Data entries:

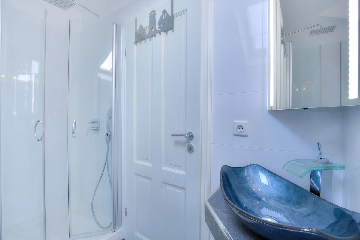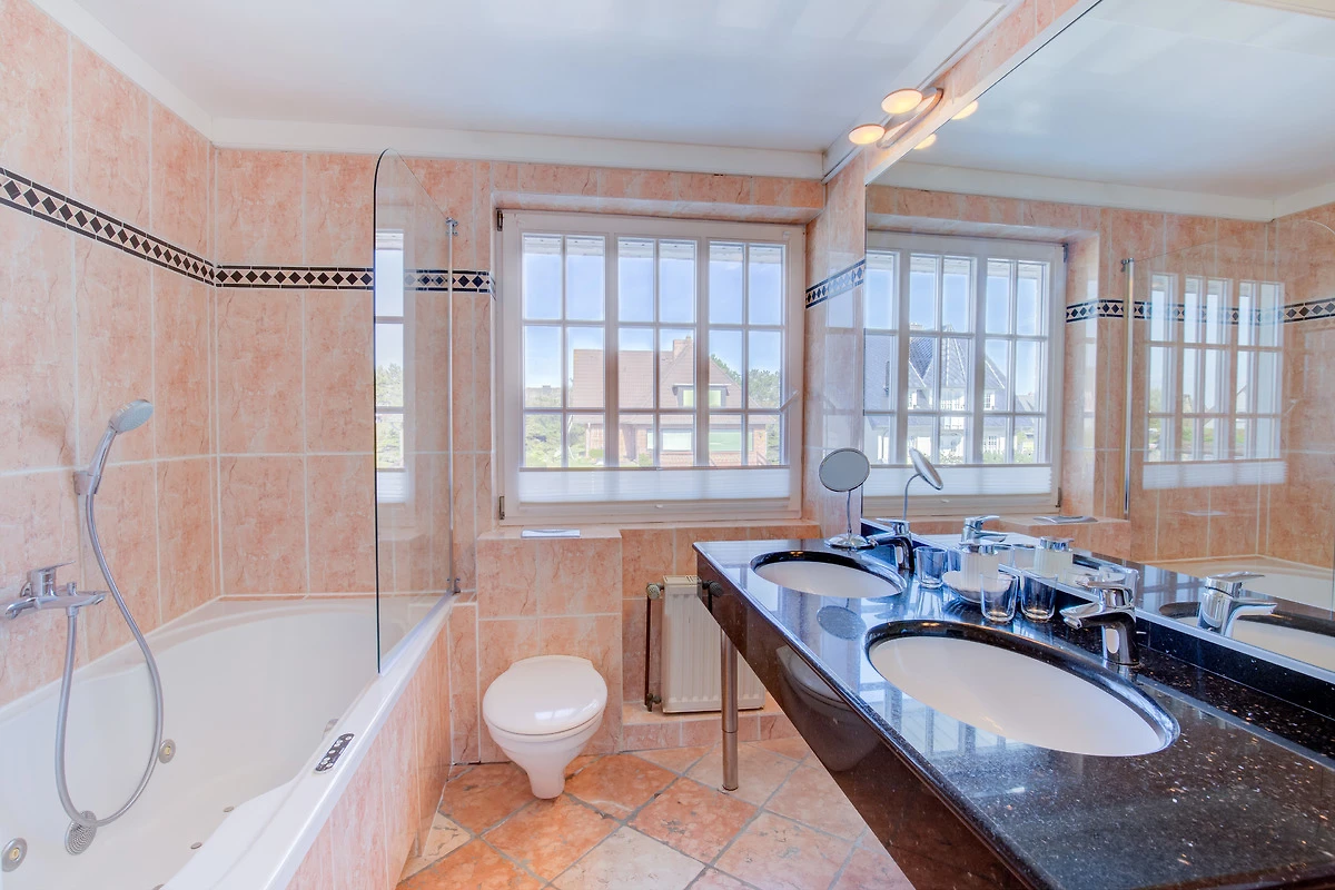 Die Sylter Sonnenstunden geniessen Sie auf dem Süd-Westbalkon. Das erste der drei Schlafzimmer, sowie ein Bad mit Whirlpool befinden sich auf dieser Ebene.
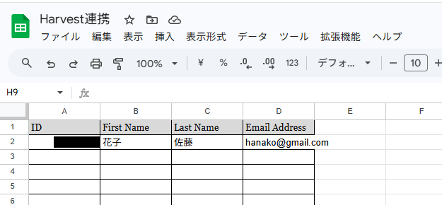 ≪事前準備≫ 今回の連携に使用するためのGoogle スプレッドシートを用意しましょう! 例として、「ID」「First Names」「Last Names」「Emails」をまとめたリストを作成しました。
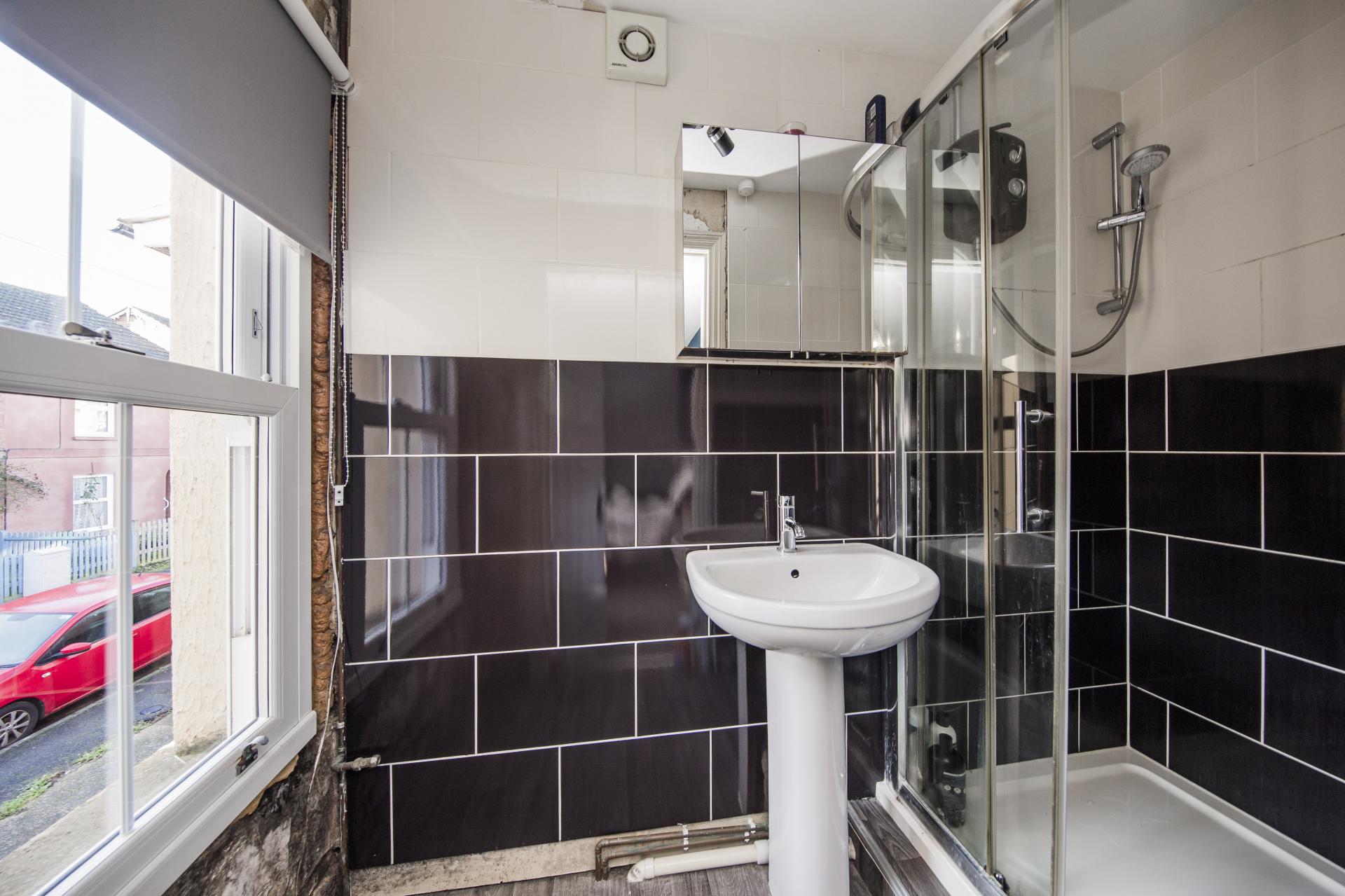 SHOWER ROOM: Corner shower cubicle with Triton shower, pedestal wash hand basin, part tiled walls, double glazed sash window to front, laminate flooring.
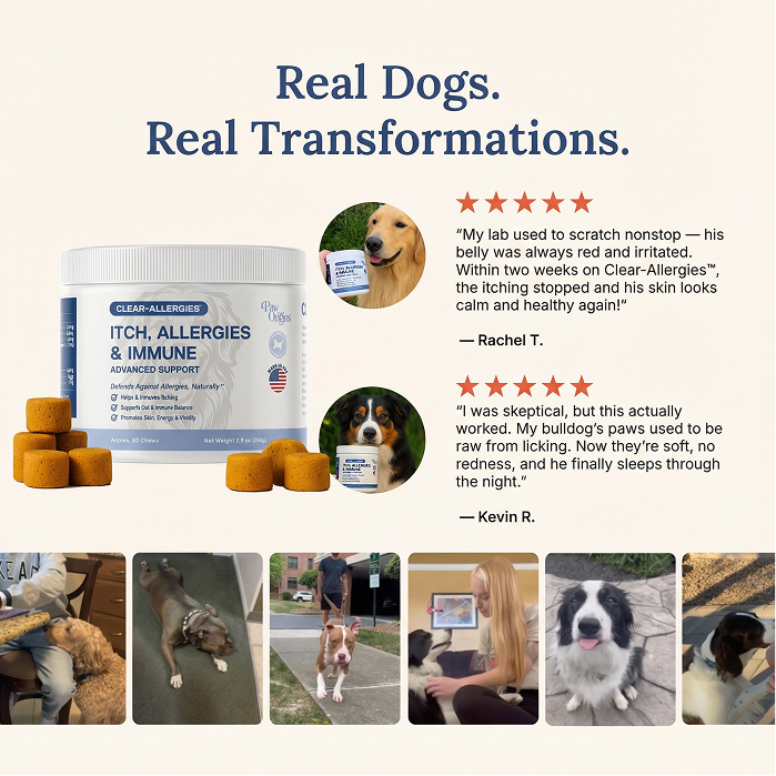 Many dogs begin showing improvement within the first few days as itching starts to subside. For deeper, lasting transformation—especially in dogs with years of immune sensitivity—you'll typically see dramatic results within 2 to 4 weeks of consistent daily use. However, because Clear-Allergies™️ addresses the root cause rather than just symptoms, once the immune system is rebalanced, it tends to stay that way. We recommend a 3-6 month supply for optimal results.
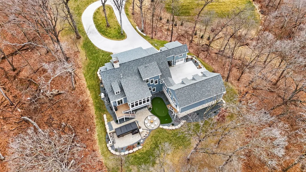 Tucked in the trees at the end of a long, private drive sits a truly distinctive home-thoughtfully designed, positioned, & built on 4.15 wooded acres with timbered land beyond. A classic porte cochere-an arched pass-through connecting the home to a heated/cooled single-car garage/shop, leads to a private courtyard, discreetly concealing the oversized, heated 3-car attached garage. Inside, nearly 6,000 finished sq ft unfolds to 12' great room ceilings, marble tile, European oak hardwood flooring, glass doorknobs & exquisite trim details throughout. The open-concept kitchen, living & dining spaces flow effortlessly with the main-level owner's suite tucked away, offering backyard access, his/her walk-in closets, soaker tub, tile shower & split vanities. The kitchen is designed to impress & perform w/ a 48" range, custom hood, paneled appliances & walk-through pantry w/ chef's doors, beverag...
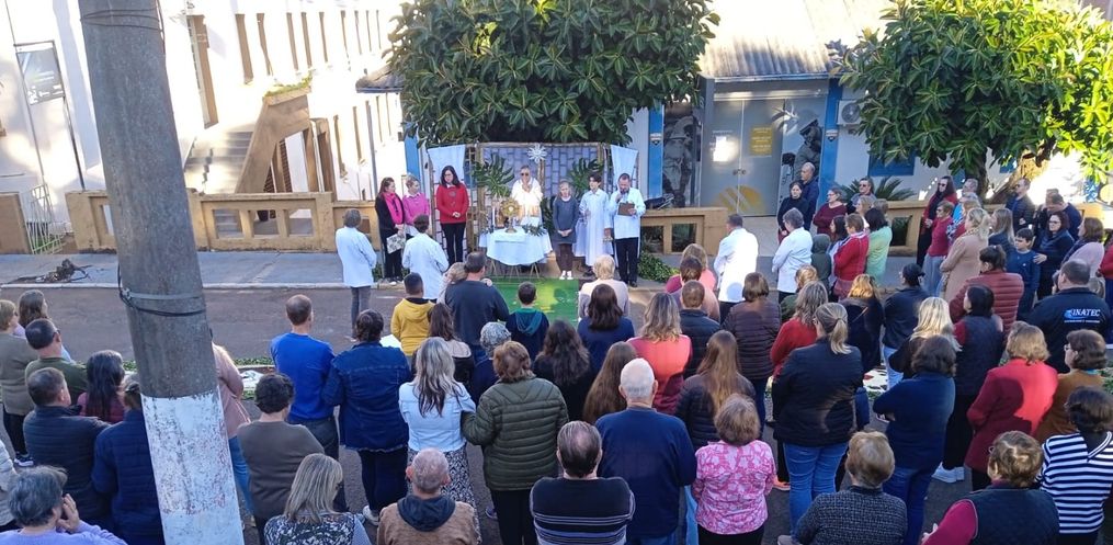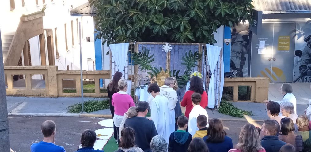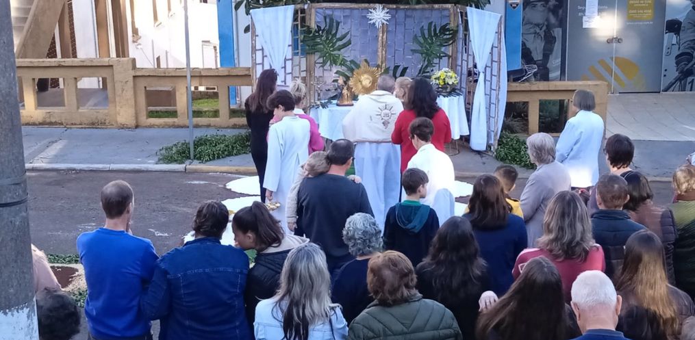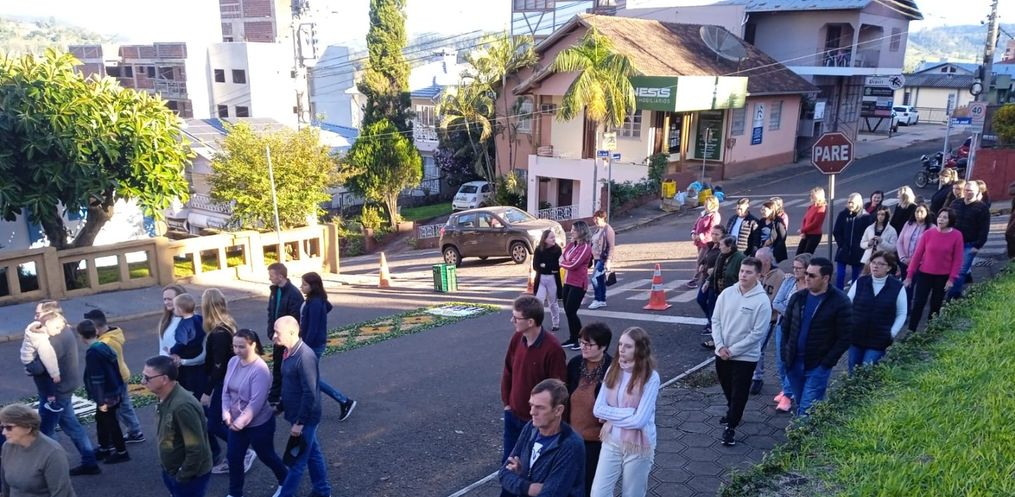 A procissão foi realizada na tarde desta quinta-feira, 30, na Rua São Bonifácio, em frente à igreja Matriz. Os fiéis realizaram a confecção dos tapetes nesta manhã. Diversas associações participaram da procissão neste feriado. A confecção teve participação da catequese, do Núcleo da Mulher Empresária e dos Escoteiros.

What you will do: The data is to be returned exactly as it stands, pictures aside.

Solution for this task:
 Die Sylter Sonnenstunden geniessen Sie auf dem Süd-Westbalkon. Das erste der drei Schlafzimmer, sowie ein Bad mit Whirlpool befinden sich auf dieser Ebene.
 ≪事前準備≫ 今回の連携に使用するためのGoogle スプレッドシートを用意しましょう! 例として、「ID」「First Names」「Last Names」「Emails」をまとめたリストを作成しました。
 SHOWER ROOM: Corner shower cubicle with Triton shower, pedestal wash hand basin, part tiled walls, double glazed sash window to front, laminate flooring.
 Many dogs begin showing improvement within the first few days as itching starts to subside. For deeper, lasting transformation—especially in dogs with years of immune sensitivity—you'll typically see dramatic results within 2 to 4 weeks of consistent daily use. However, because Clear-Allergies™️ addresses the root cause rather than just symptoms, once the immune system is rebalanced, it tends to stay that way. We recommend a 3-6 month supply for optimal results.
 Tucked in the trees at the end of a long, private drive sits a truly distinctive home-thoughtfully designed, positioned, & built on 4.15 wooded acres with timbered land beyond. A classic porte cochere-an arched pass-through connecting the home to a heated/cooled single-car garage/shop, leads to a private courtyard, discreetly concealing the oversized, heated 3-car attached garage. Inside, nearly 6,000 finished sq ft unfolds to 12' great room ceilings, marble tile, European oak hardwood flooring, glass doorknobs & exquisite trim details throughout. The open-concept kitchen, living & dining spaces flow effortlessly with the main-level owner's suite tucked away, offering backyard access, his/her walk-in closets, soaker tub, tile shower & split vanities. The kitchen is designed to impress & perform w/ a 48" range, custom hood, paneled appliances & walk-through pantry w/ chef's doors, beverag...
 A procissão foi realizada na tarde desta quinta-feira, 30, na Rua São Bonifácio, em frente à igreja Matriz. Os fiéis realizaram a confecção dos tapetes nesta manhã. Diversas associações participaram da procissão neste feriado. A confecção teve participação da catequese, do Núcleo da Mulher Empresária e dos Escoteiros.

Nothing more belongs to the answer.